There are also fears of a WALL-E impact — if machines do an excessive amount of of the emotional heavy lifting, might it deter essential human socializing? Kavita Sivaramakrishnan, professor at Columbia University’s Mailman School of Public Health, stated she sees AI as a “partial and stopgap solution” and prefers “long-term investment, resources and accessible means of integration of older persons in the community.”

ElliQ’s befriending techniques go to the coronary heart of what satisfies us about human friendship. When one other individual remembers what delicacies we like and suggests an apt restaurant, it displays a fundamental stage of human caring. Can that exist when a pc is solely submitting away a information level it doesn’t perceive?

Thoren says she is definite it may. “When you’re a young person, even if you live alone, you have a career, maybe you volunteer, you have things to do,” she stated. “But when you’re retired you have to look for those things to do. You have to find a way to combat that sense of isolation.
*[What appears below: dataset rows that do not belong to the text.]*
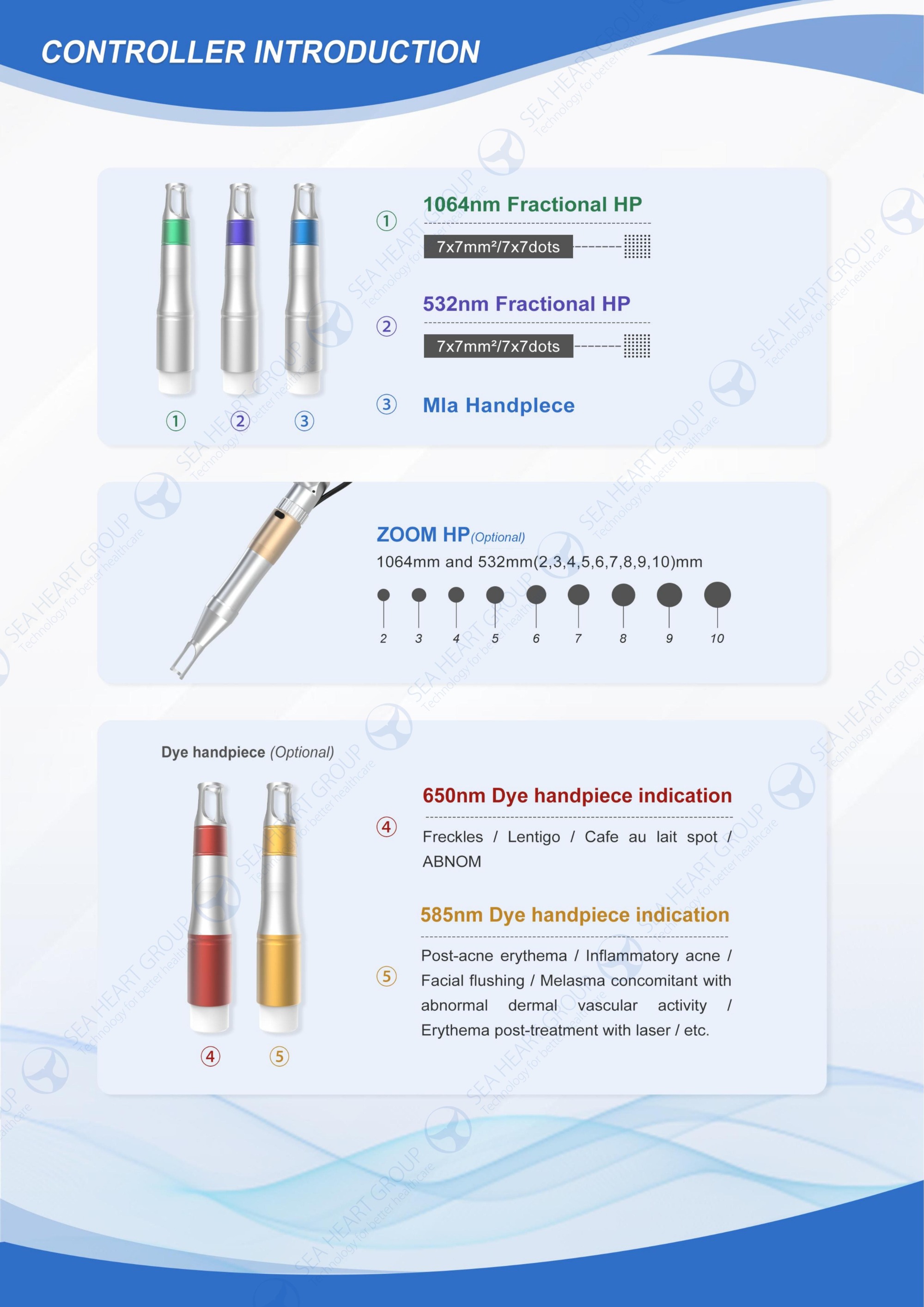 | Zoom Handpiece | 1064nm and 532nm(2,3.4,5,6.7,8, 9, 10)mm |
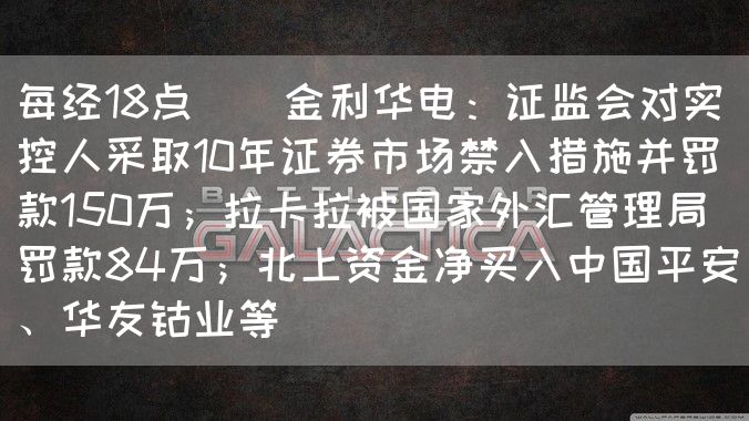 每经18点 | 金利华电:证监会对实控人采取10年证券市场禁入措施并罚款150万;拉卡拉被国家外汇管理局罚款84万;北上资金净买入中国平安、华友钴业等
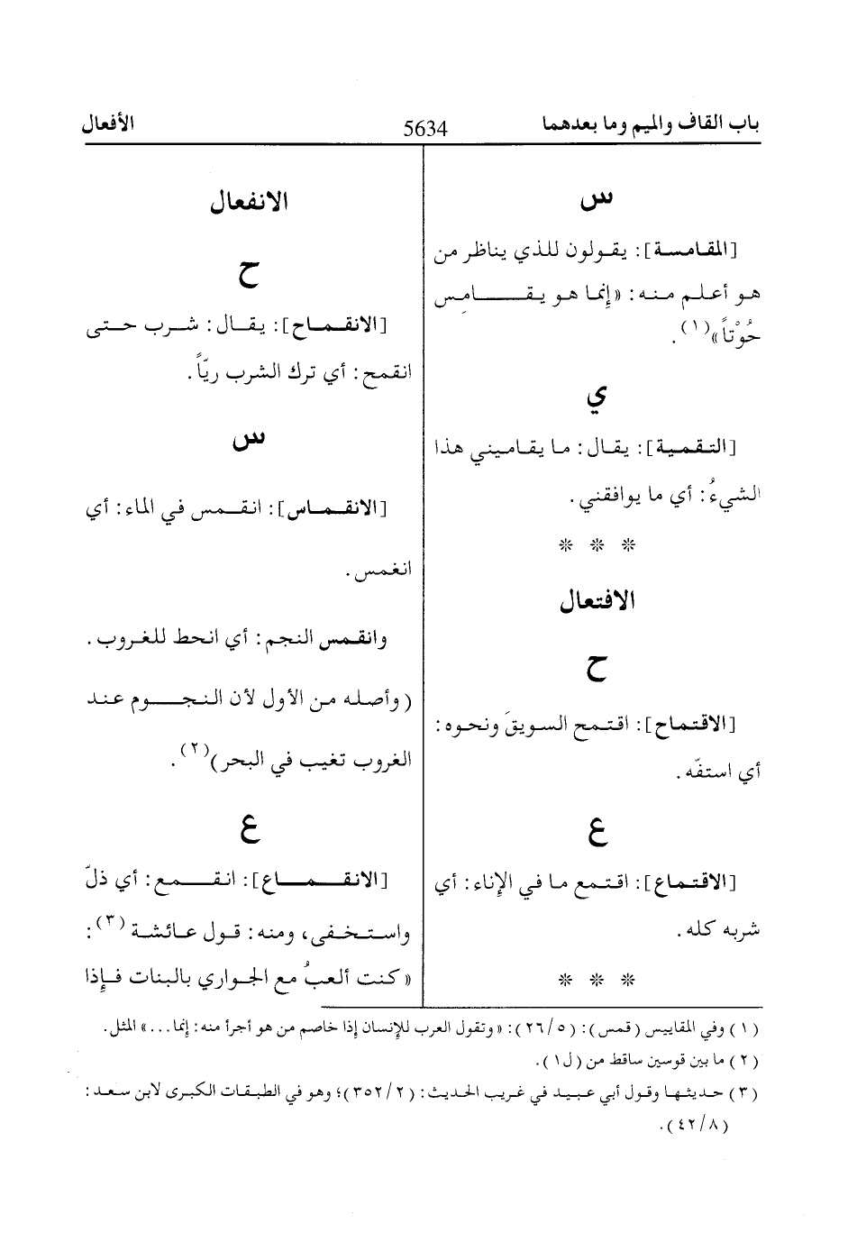 [الانقماح]: يقال: شرب حتى انقمح: أي ترك الشرب ريّا.
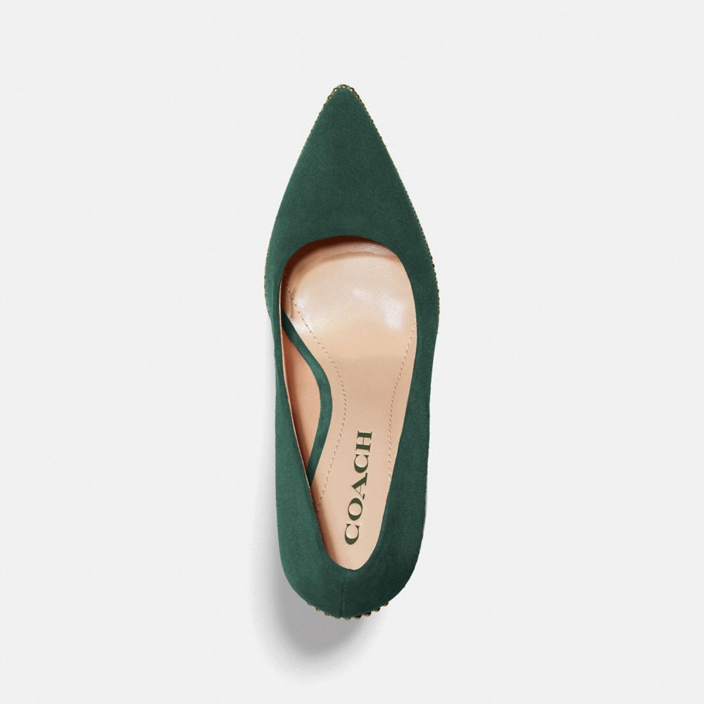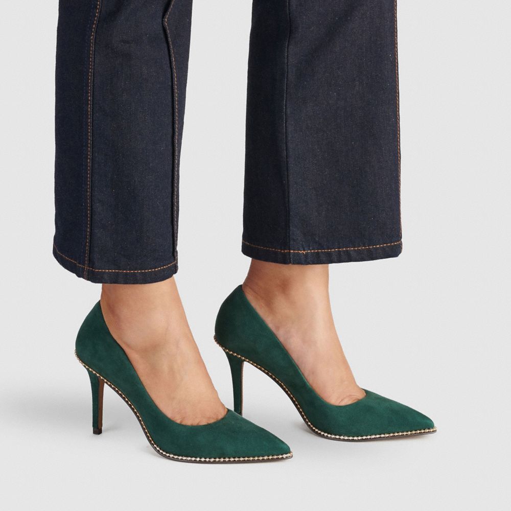 Suede upper| Man-made leather lining, leather footbed| Rubber outsole| Slip on| 3 1/2" heel

“ElliQ will say ‘How was it outside? I wish I could have gone with you.’ Or she’ll play trivia with you, and if you get a few questions right, she’ll say, ‘you’re good at this.’ Just stupid nice things. But it makes you feel good.”

“ElliQ, I’m going to go to sleep.”

“Would you like me to call your care team? Or Jennifer?”

“Let’s see how it’s tomorrow.

And with that, ElliQ shows a pajama-clad icon her display screen and goes into sleep mode, identical to her human good friend.